** Aim of the exercise **
Please write out the entire listing below exactly, excluding its pictures.

** Material for this task **

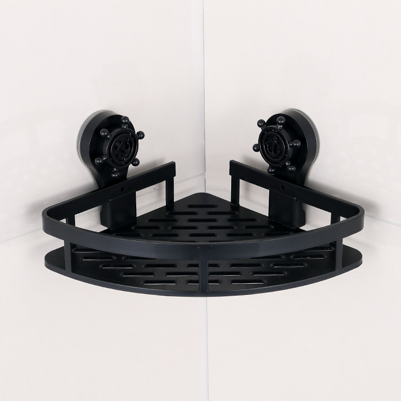 黒色の穴あけ不要三角形コーナーバスルーム収納ラック、スペースアルミニウム製トイレ用便利三角板、耐荷重10KG
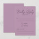 Streamline your wedding guest responses with this chic and minimalist RSVP card. This response card features a romantic handwritten "Kindly Reply" header set against a soft mauve purple background.
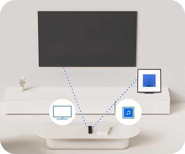 Με τη λειτουργία Art Panel (πωλείται ξεχωριστιά), μπορείς να προσαρμόσεις το SAMSUNG Music Frame HW-LS60D στο δικό σου στιλ, δημιουργώντας μια ευχάριστη ατμόσφαιρα που αντικατοπτρίζει την προσωπικότητά σου. Όσον αφορά το One Remote Control, το τηλεχειριστήριο της τηλεόρασης Samsung δεν είναι περιορισμένο μόνο στην τηλεόραση αλλά μπορεί επίσης να χρησιμοποιηθεί για να ελέγξεις βασικές λειτουργίες του Music Frame, όπως η ενεργοποίηση, η ρύθμιση της έντασης και η επιλογή ηχητικών εφέ, για απόλυτη εμπειρία χρήσης.
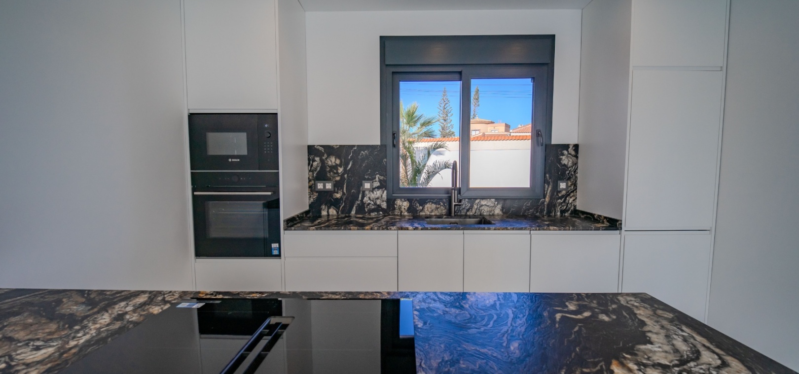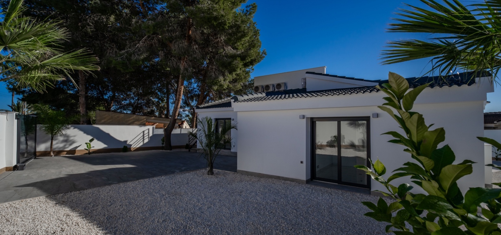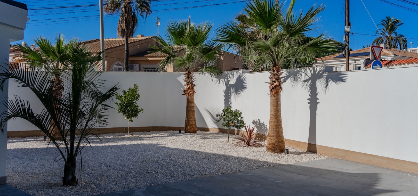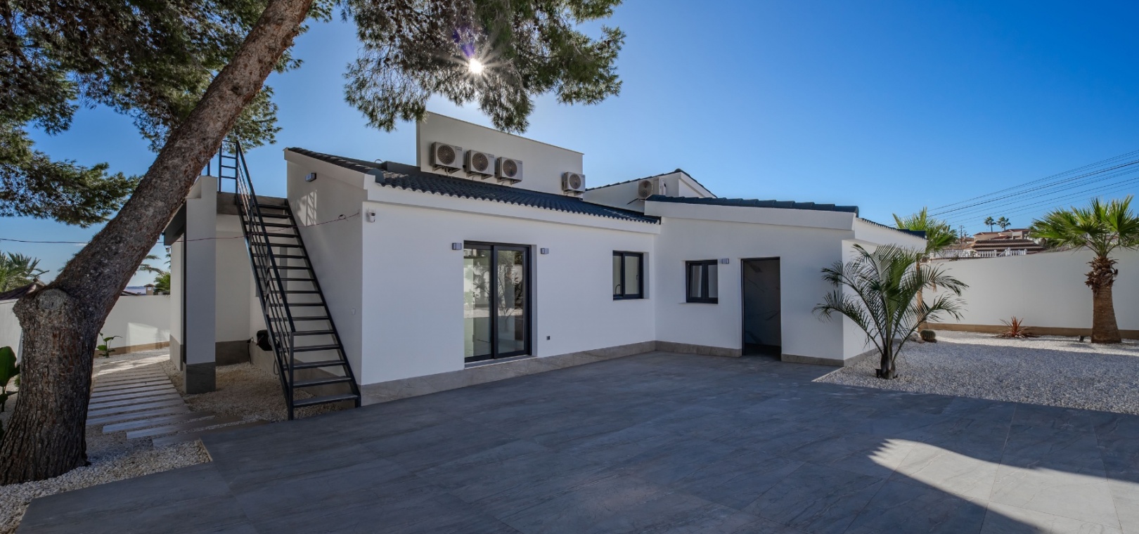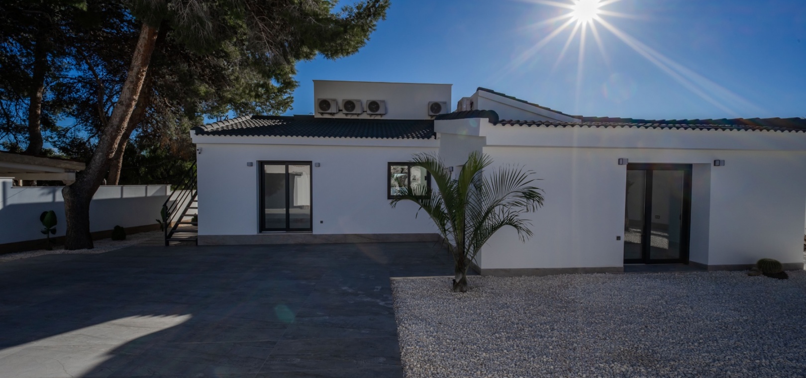 Atemberaubende, komplett sanierte Bungalowvilla in Ciudad Quesada (Alicante) – Die perfekte Verbindung von modernem Luxus und mediterraner Eleganz. In der begehrten Gegend von Ciudad Quesada (Alicante) und nur wenige Schritte vom lebhaften Stadtzentrum entfernt, wurde diese exquisite Bungalowvilla mit außergewöhnlicher Liebe zum Detail komplett saniert. Traditioneller mediterraner Charme trifft auf ein modernes, elegantes Design. Das Anwesen bietet Luxus, Komfort und Privatsphäre in einer der begehrtesten Lagen der Costa Blanca. Auf einem 650 m² großen Privatgrundstück gelegen, bietet die Villa 180 m² wunderschön gestaltete Wohnfläche und ist bezugsfertig. Die Ausstattung entspricht höchsten Standards – hier wurde an nichts gespart. Außenbereich: Hinter dem elektrischen Einfahrtstor erwartet Sie ein stilvoller, pflegeleichter mediterraner Garten, der das Haus perfekt einrahmt. Der private Swimmingpool grenzt an großzügige Terrassen, die zum Sonnenbaden, Essen oder für gesellige Stunden einladen. Das beeindruckende, große Solarium auf dem Dach bietet einen weiten Ausblick und einen exklusiven Bereich zum Entspannen, für Feiern oder um das milde Mikroklima von Alicante zu genießen. Raumaufteilung: Das Interieur besticht durch ein helles, offenes Raumkonzept mit viel Tageslicht. Vier bis fünf geräumige Schlafzimmer, alle als Suiten gestaltet, verfügen über vier luxuriöse Badezimmer en suite. Die Schlafzimmer sind mit Einbauschränken ausgestattet, die individuell nach den Wünschen der Kunden angepasst werden können. Die moderne offene Küche bietet hochwertige Geräte und beeindruckende Naturstein-Arbeitsplatten. Fußbodenheizung sorgt im gesamten Haus für angenehme Temperaturen. Klimaanlage (warm/kalt) ist in jedem Zimmer vorhanden. Die Kombination aus Raumaufteilung, Licht und edlen Materialien schafft ein komfortables und elegantes Wohnambiente. Weitere Merkmale: Ein fortschrittliches Smart-Home-System steuert Beleuchtung, Klima und Sicherheit. Separater Wasch- und Abstellraum. Hochwertige Ausstattung im gesamten Haus, darunter Designerleuchten, edle Fliesen und hochwertige Schreinerarbeiten. Bezugsfertiger Luxus, makellos renoviert. Lage: Nur wenige Minuten vom Stadtzentrum von Ciudad Quesada mit seinen Restaurants, Supermärkten, Dienstleistungen und Freizeiteinrichtungen entfernt, bietet diese Villa die ideale Balance zwischen Komfort, Privatsphäre und modernem mediterranem Wohnstil.
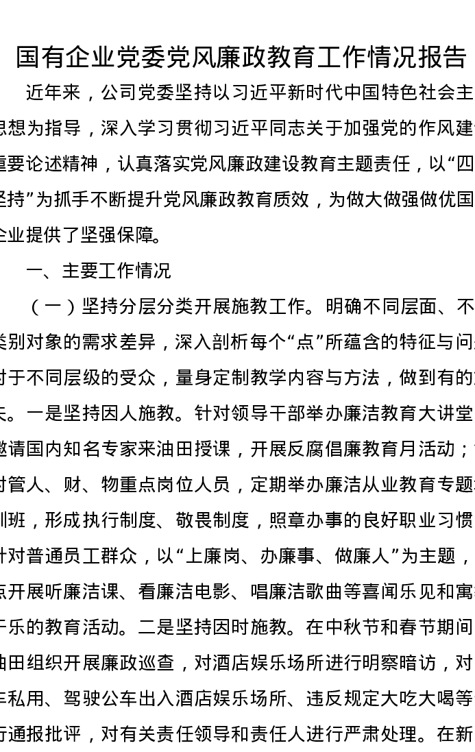 国有企业党委党风廉政教育工作情况报告
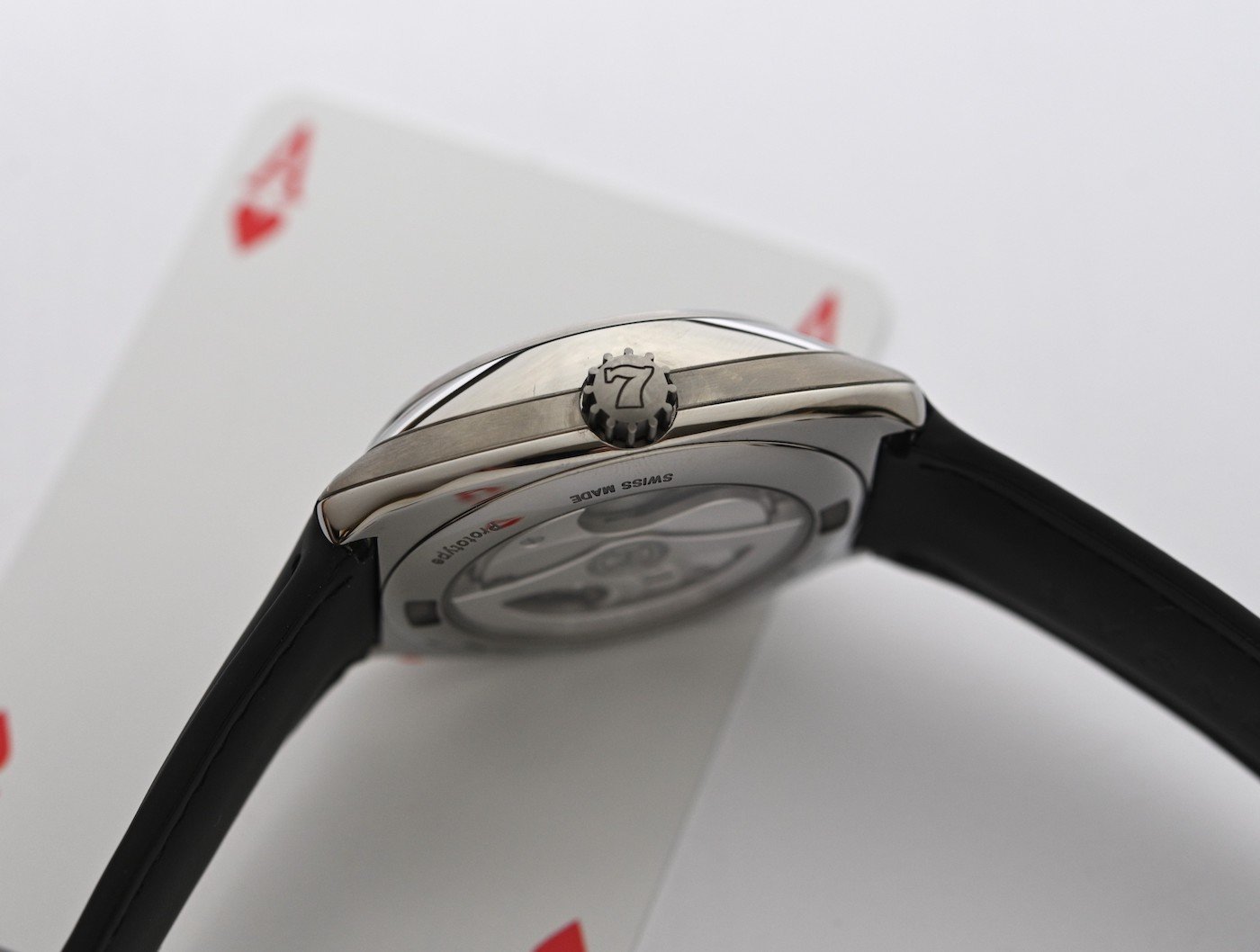 The ‘Casino’ series is playful, inspired by the atmosphere found only in casinos and the strong emotions associated with playing games of chance. Like the skilful player, the watch reveals different facets, concealing its strategy to better surprise.

** Result below **
 黒色の穴あけ不要三角形コーナーバスルーム収納ラック、スペースアルミニウム製トイレ用便利三角板、耐荷重10KG
 Streamline your wedding guest responses with this chic and minimalist RSVP card. This response card features a romantic handwritten "Kindly Reply" header set against a soft mauve purple background.
 Με τη λειτουργία Art Panel (πωλείται ξεχωριστιά), μπορείς να προσαρμόσεις το SAMSUNG Music Frame HW-LS60D στο δικό σου στιλ, δημιουργώντας μια ευχάριστη ατμόσφαιρα που αντικατοπτρίζει την προσωπικότητά σου. Όσον αφορά το One Remote Control, το τηλεχειριστήριο της τηλεόρασης Samsung δεν είναι περιορισμένο μόνο στην τηλεόραση αλλά μπορεί επίσης να χρησιμοποιηθεί για να ελέγξεις βασικές λειτουργίες του Music Frame, όπως η ενεργοποίηση, η ρύθμιση της έντασης και η επιλογή ηχητικών εφέ, για απόλυτη εμπειρία χρήσης.
 Atemberaubende, komplett sanierte Bungalowvilla in Ciudad Quesada (Alicante) – Die perfekte Verbindung von modernem Luxus und mediterraner Eleganz. In der begehrten Gegend von Ciudad Quesada (Alicante) und nur wenige Schritte vom lebhaften Stadtzentrum entfernt, wurde diese exquisite Bungalowvilla mit außergewöhnlicher Liebe zum Detail komplett saniert. Traditioneller mediterraner Charme trifft auf ein modernes, elegantes Design. Das Anwesen bietet Luxus, Komfort und Privatsphäre in einer der begehrtesten Lagen der Costa Blanca. Auf einem 650 m² großen Privatgrundstück gelegen, bietet die Villa 180 m² wunderschön gestaltete Wohnfläche und ist bezugsfertig. Die Ausstattung entspricht höchsten Standards – hier wurde an nichts gespart. Außenbereich: Hinter dem elektrischen Einfahrtstor erwartet Sie ein stilvoller, pflegeleichter mediterraner Garten, der das Haus perfekt einrahmt. Der private Swimmingpool grenzt an großzügige Terrassen, die zum Sonnenbaden, Essen oder für gesellige Stunden einladen. Das beeindruckende, große Solarium auf dem Dach bietet einen weiten Ausblick und einen exklusiven Bereich zum Entspannen, für Feiern oder um das milde Mikroklima von Alicante zu genießen. Raumaufteilung: Das Interieur besticht durch ein helles, offenes Raumkonzept mit viel Tageslicht. Vier bis fünf geräumige Schlafzimmer, alle als Suiten gestaltet, verfügen über vier luxuriöse Badezimmer en suite. Die Schlafzimmer sind mit Einbauschränken ausgestattet, die individuell nach den Wünschen der Kunden angepasst werden können. Die moderne offene Küche bietet hochwertige Geräte und beeindruckende Naturstein-Arbeitsplatten. Fußbodenheizung sorgt im gesamten Haus für angenehme Temperaturen. Klimaanlage (warm/kalt) ist in jedem Zimmer vorhanden. Die Kombination aus Raumaufteilung, Licht und edlen Materialien schafft ein komfortables und elegantes Wohnambiente. Weitere Merkmale: Ein fortschrittliches Smart-Home-System steuert Beleuchtung, Klima und Sicherheit. Separater Wasch- und Abstellraum. Hochwertige Ausstattung im gesamten Haus, darunter Designerleuchten, edle Fliesen und hochwertige Schreinerarbeiten. Bezugsfertiger Luxus, makellos renoviert. Lage: Nur wenige Minuten vom Stadtzentrum von Ciudad Quesada mit seinen Restaurants, Supermärkten, Dienstleistungen und Freizeiteinrichtungen entfernt, bietet diese Villa die ideale Balance zwischen Komfort, Privatsphäre und modernem mediterranem Wohnstil.
 国有企业党委党风廉政教育工作情况报告
 The ‘Casino’ series is playful, inspired by the atmosphere found only in casinos and the strong emotions associated with playing games of chance. Like the skilful player, the watch reveals different facets, concealing its strategy to better surprise.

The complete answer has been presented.